[Stored data]
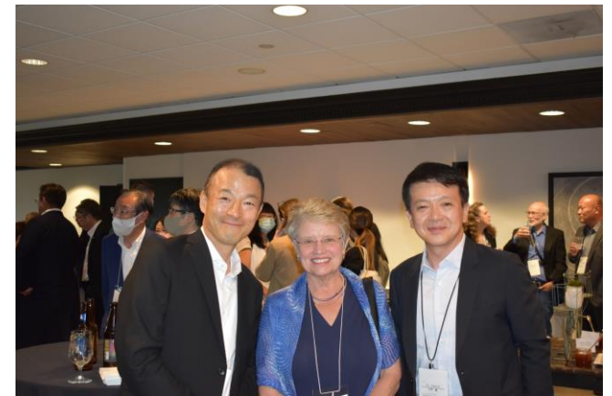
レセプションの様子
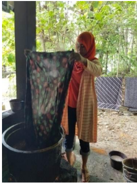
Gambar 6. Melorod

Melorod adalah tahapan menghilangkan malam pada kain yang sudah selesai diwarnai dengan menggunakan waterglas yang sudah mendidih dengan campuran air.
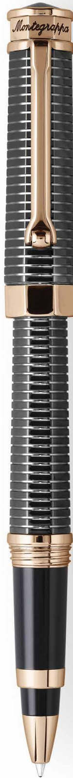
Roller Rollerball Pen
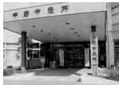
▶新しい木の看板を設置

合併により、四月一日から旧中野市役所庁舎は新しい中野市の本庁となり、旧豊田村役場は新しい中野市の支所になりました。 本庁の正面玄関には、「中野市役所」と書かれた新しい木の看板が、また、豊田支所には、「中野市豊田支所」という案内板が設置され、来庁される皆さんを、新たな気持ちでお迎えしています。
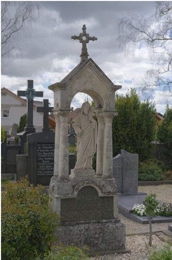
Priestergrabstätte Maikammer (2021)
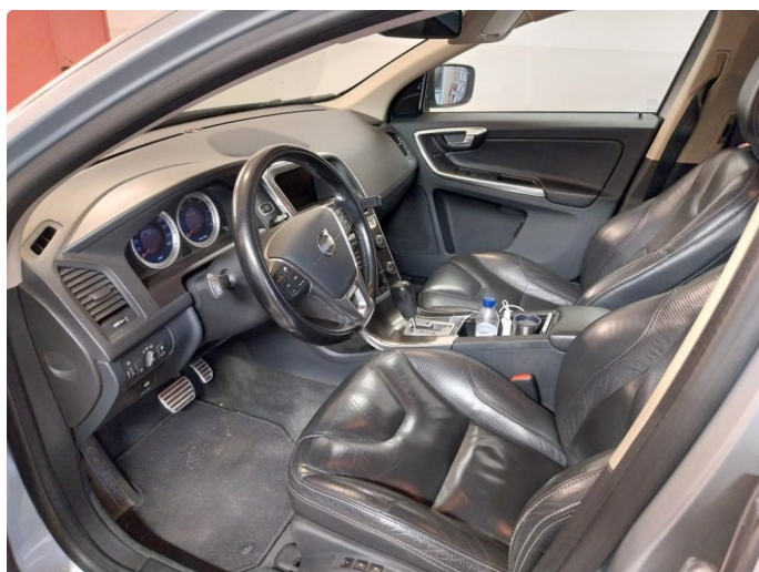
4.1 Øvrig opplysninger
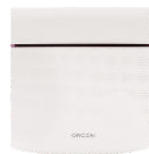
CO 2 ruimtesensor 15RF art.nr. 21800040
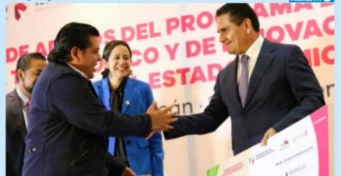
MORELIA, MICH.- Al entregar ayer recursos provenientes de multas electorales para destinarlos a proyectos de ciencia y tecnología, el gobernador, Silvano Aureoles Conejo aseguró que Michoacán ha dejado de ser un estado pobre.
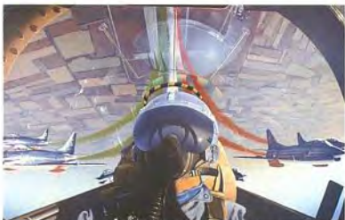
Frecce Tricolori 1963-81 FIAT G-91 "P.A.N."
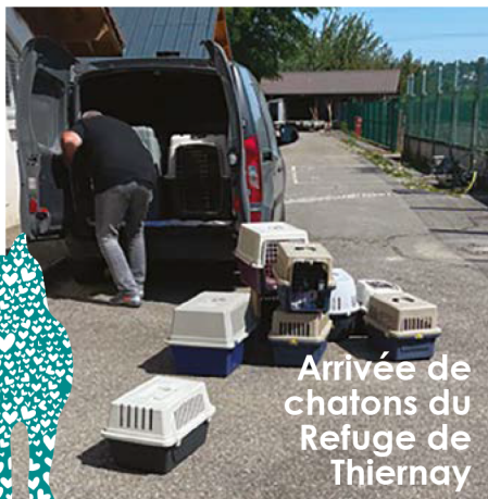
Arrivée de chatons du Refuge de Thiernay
---
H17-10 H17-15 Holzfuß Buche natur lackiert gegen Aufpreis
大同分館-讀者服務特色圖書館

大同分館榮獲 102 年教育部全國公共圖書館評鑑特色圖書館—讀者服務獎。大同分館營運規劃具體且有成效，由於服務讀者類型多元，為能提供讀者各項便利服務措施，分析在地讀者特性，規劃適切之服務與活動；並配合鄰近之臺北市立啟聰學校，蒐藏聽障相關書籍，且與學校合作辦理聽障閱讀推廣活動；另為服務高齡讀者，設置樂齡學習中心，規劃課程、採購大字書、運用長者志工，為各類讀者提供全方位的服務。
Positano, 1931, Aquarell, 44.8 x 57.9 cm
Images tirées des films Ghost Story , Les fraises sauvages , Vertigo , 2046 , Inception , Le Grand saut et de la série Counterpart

What you need to do: Copy each line of the records that has "Melorod" in it.

Exercise result:
Gambar 6. Melorod
Melorod adalah tahapan menghilangkan malam pada kain yang sudah selesai diwarnai dengan menggunakan waterglas yang sudah mendidih dengan campuran air.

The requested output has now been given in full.